Но вряд ли в Стамбуле или в Палермо есть гостиницы, где отсутствуют современные средства связи. И прошлые мамины поездки доказывали, что она в состоянии найти дорогу до ближайшей почты и объяснить служащему, что ее сын просто жаждет поговорить с ней. С недавних пор она даже завела специальную кредитную карточку, с помощью которой чуть не из любой телефонной будки в Европе можно было связаться с голландской телефонисткой и на родном языке назвать срочно понадобившийся номер.

Думать о другой причине ее исчезновения я был почти не в силах. При мысли о том, что она могла покончить с собой, меня охватывало мучительное чувство вины. В прошлом жизнь давала ей достаточно поводов совершить этот непоправимый поступок. Но я позволял себе задержаться на этой мысли не более чем несколько секунд. Теперь у нее был Фред. Пусть, пусть она дышит и с восторгом во взгляде бродит по улицам чужих городов, вдыхает запах гнилых фруктов, мускатного ореха, мяты и кардамона, отмахивается от мальчишек с грязными руками и взрослыми глазами, которые предлагают себя в качестве гидов, и под душем в гостиничном номере смывает жар со своего немолодого тела. Однажды она неминуемо умрет, но только не сейчас, пока я остаюсь ее ребенком.


В первые месяцы после операции ее звонки были почти невесомыми, а темы еще более легкими, чем провал Патти Брарда на Конкурсе песни Евровидения. Она по-прежнему рассуждала о политике, но никакой войны, никаких депортаций.

Фред изменил ее жизнь. Само собой, она сообщила мне о его существовании по телефону.

— Ты зайдешь в субботу вечером?

— У меня уже назначена встреча, мам. Обязательно заскочу в воскресенье днем.

— Ну, как плохо. Почему ты не можешь?

— Я договорился с друзьями.

— Мне хотелось кое с кем тебя познакомить, — сказала она.

— А нельзя это сделать в воскресенье?

— Нет. Только в субботу вечером. Так ты придешь? Ну хоть раз будь хорошим мальчиком.

Единственное, что я мог сделать, это поупираться для проформы, а потом капитулировать. Свинство, конечно, но ничего другого не оставалось.

— А с кем ты хочешь меня познакомить?

— С другом.

— С каким другом?

— Ты его не знаешь.

— Я знаю всех твоих друзей.

— А этого не знаешь.

— Как его зовут?

— Фред Бахман.

— Где ты с ним познакомилась?

— В прошлом месяце была вечеринка в «Бет-Шалом», помнишь?

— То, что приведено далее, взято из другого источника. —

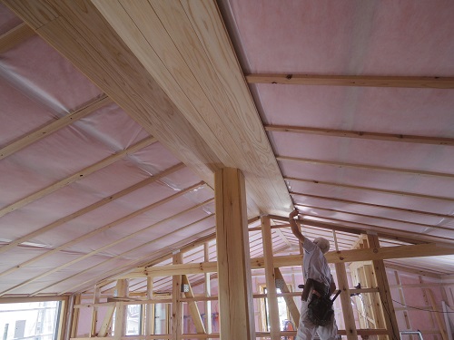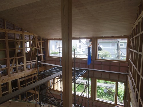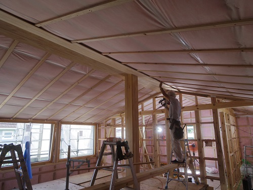 外壁工事と内部天井板張りが始まりました。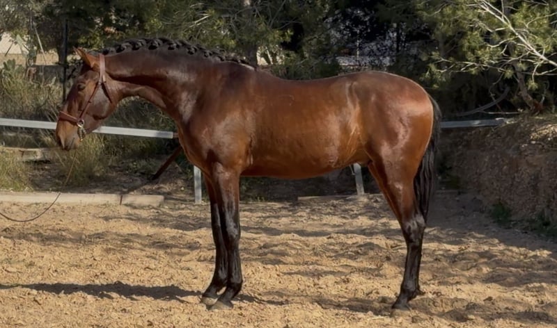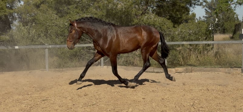 DUQUE ABS Junger Pferd, reinrassiger Andalusier, geboren am 20.04.2023, kastanienfarben, zeichnet sich durch seine hervorragende Rassequalität, solide Konstitution und vielversprechende Zukunft aus. Nachweisliche Abstammung: Sohn von Faraón CCCLXXI und Enkel von Trovador IX, aus der Zucht Valdeolivas. - Aktuelle Größe: ca. 1,70 m - Sehr gute Beinstellung und Knochenbau - Starke und korrekte Körperhaltung - Seriöses, ausgeglichenes und gut entwickeltes Fohlen * Bewegungen von hoher Qualität: Großer, definierter Schritt, elastischer, weit schwingender Trab mit viel Raumgriff, ausdrucksstark, sowie ein natürlicher, ausgeglichener Galopp. Sehr edles Wesen, leicht zu reiten und mit positiver Einstellung. Derzeit in Valencia. Weitere Informationen und Videos auf Anfrage. Telefon: 635814665 / 644917689

Это «помнишь?» было чересчур уж мягко сказано, потому что именно я и заставил ее пойти туда. После операции она слишком часто сидела дома одна, а в комнатах прибраться не могла. Нанять прислугу она отказывалась, хотела остаться самостоятельной. «Я не хочу сидеть среди старушек, — отвечала она, когда я настаивал, указывая на пыль и крошки. — Ты хочешь, чтобы я умерла? Потому что это случится, если я окажусь там». Я объяснял, что каждому стареющему человеку необходима помощь и что она, увы, не исключение. «Я хожу по магазинам, сама готовлю, сама моюсь и никому не в тягость, — парировала она, — так почему бы тебе не замолчать?» Я продолжал расхваливать райские кущи под названием «Бет-Шалом» в шумном городишке Осдорп, где полным-полно таких же евреев, как она, молодых энергичных девушек и молодых восторженных юношей. «Незачем мне торчать среди евреев», — сказала она язвительно. «Но это же прекрасный дом престарелых!» — в отчаянии воскликнул я и тем собственноручно свел на нет все свои дифирамбы, так как произнес слово, на которое был наложен полный запрет. «Я в доме престарелых? Только через мой труп», — решительно заявила она.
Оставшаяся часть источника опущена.